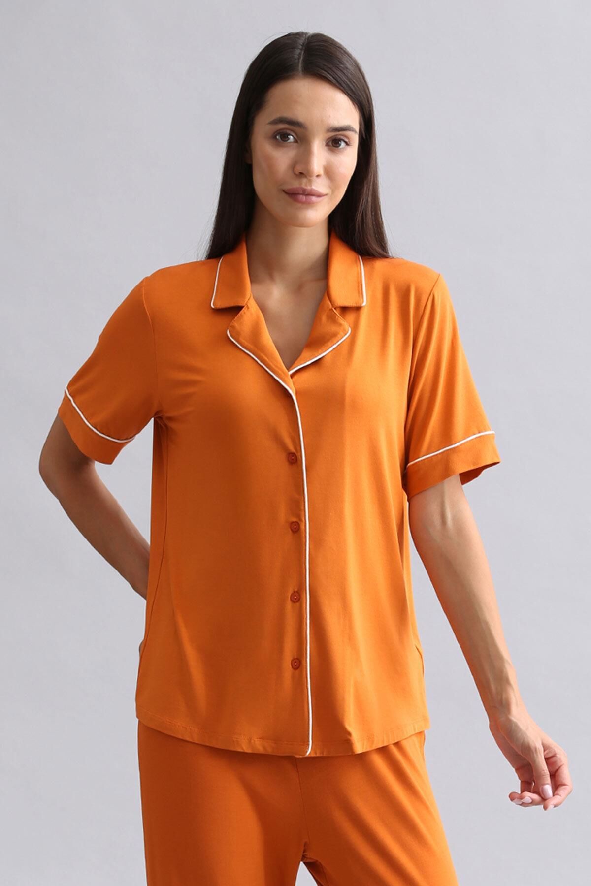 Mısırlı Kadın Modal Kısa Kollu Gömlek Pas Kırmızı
* * *
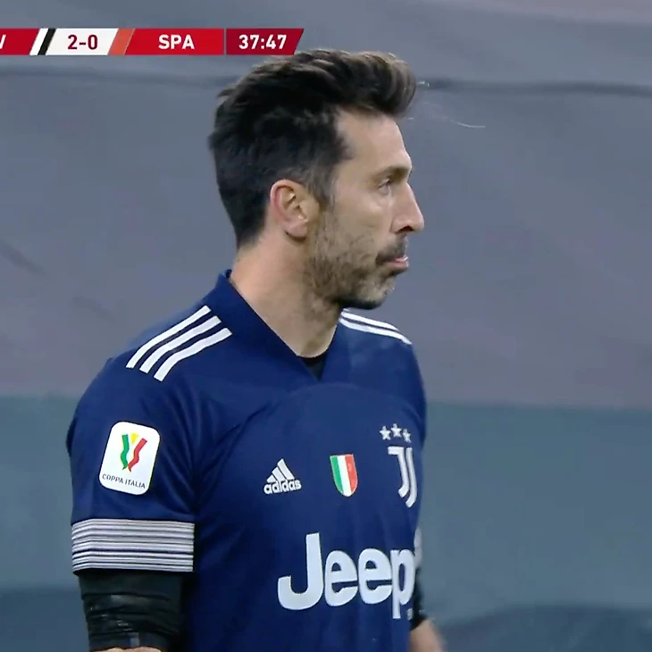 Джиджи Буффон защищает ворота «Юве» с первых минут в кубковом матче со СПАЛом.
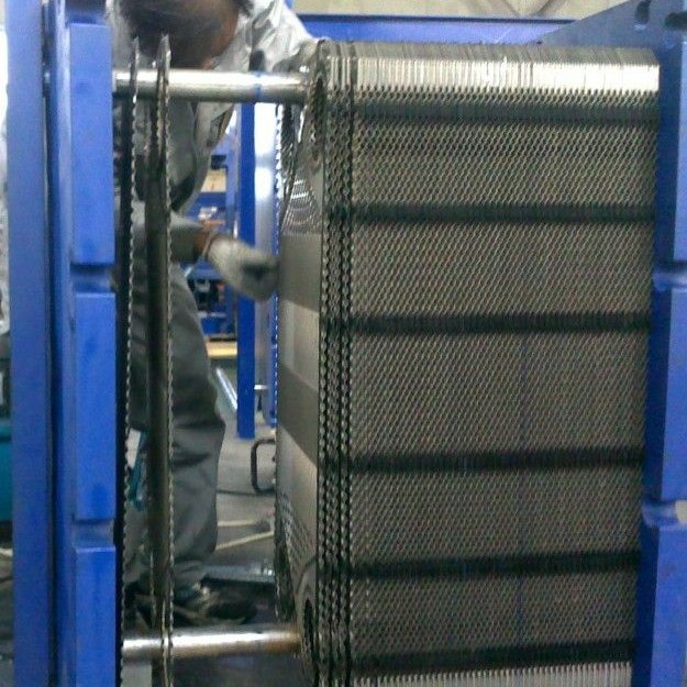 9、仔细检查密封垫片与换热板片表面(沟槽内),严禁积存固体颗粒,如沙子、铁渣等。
==
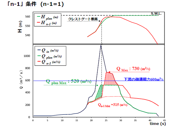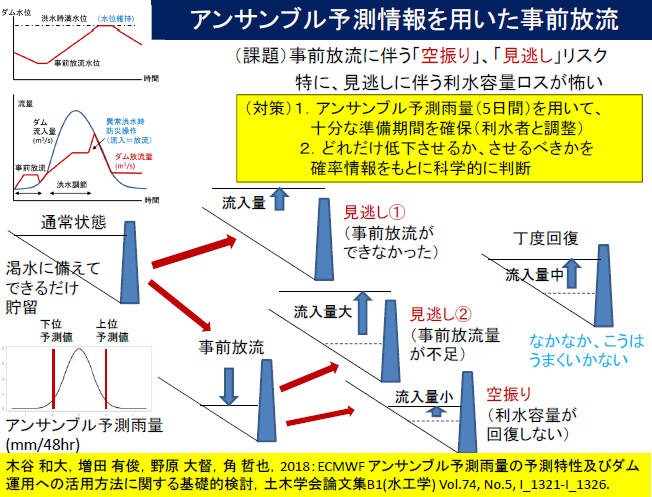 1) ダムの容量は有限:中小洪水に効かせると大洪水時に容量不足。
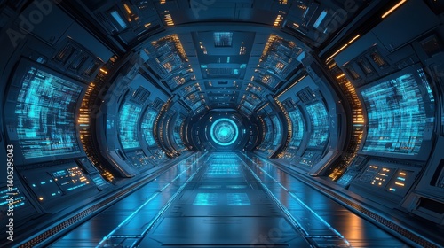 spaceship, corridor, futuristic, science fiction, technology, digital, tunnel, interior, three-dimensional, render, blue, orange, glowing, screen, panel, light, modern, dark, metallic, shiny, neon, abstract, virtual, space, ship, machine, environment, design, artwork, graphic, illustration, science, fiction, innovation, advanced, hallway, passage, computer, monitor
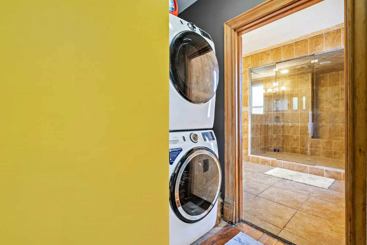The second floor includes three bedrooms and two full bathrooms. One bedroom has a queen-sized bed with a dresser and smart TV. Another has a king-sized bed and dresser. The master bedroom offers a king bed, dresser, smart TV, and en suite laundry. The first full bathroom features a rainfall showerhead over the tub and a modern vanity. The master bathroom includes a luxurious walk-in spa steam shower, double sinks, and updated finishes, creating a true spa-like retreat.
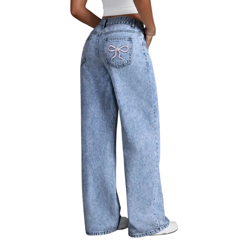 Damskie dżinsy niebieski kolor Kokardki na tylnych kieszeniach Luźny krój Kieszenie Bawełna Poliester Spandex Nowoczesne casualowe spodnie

WHAT IS NEEDED:
Set down again, exactly, every line above from the one with "The second floor" down to the one with "Damskie dżinsy niebieski", both ends included. No pictures, and nothing else.

ANSWER SPACE:
The second floor includes three bedrooms and two full bathrooms. One bedroom has a queen-sized bed with a dresser and smart TV. Another has a king-sized bed and dresser. The master bedroom offers a king bed, dresser, smart TV, and en suite laundry. The first full bathroom features a rainfall showerhead over the tub and a modern vanity. The master bathroom includes a luxurious walk-in spa steam shower, double sinks, and updated finishes, creating a true spa-like retreat.
 Damskie dżinsy niebieski kolor Kokardki na tylnych kieszeniach Luźny krój Kieszenie Bawełna Poliester Spandex Nowoczesne casualowe spodnie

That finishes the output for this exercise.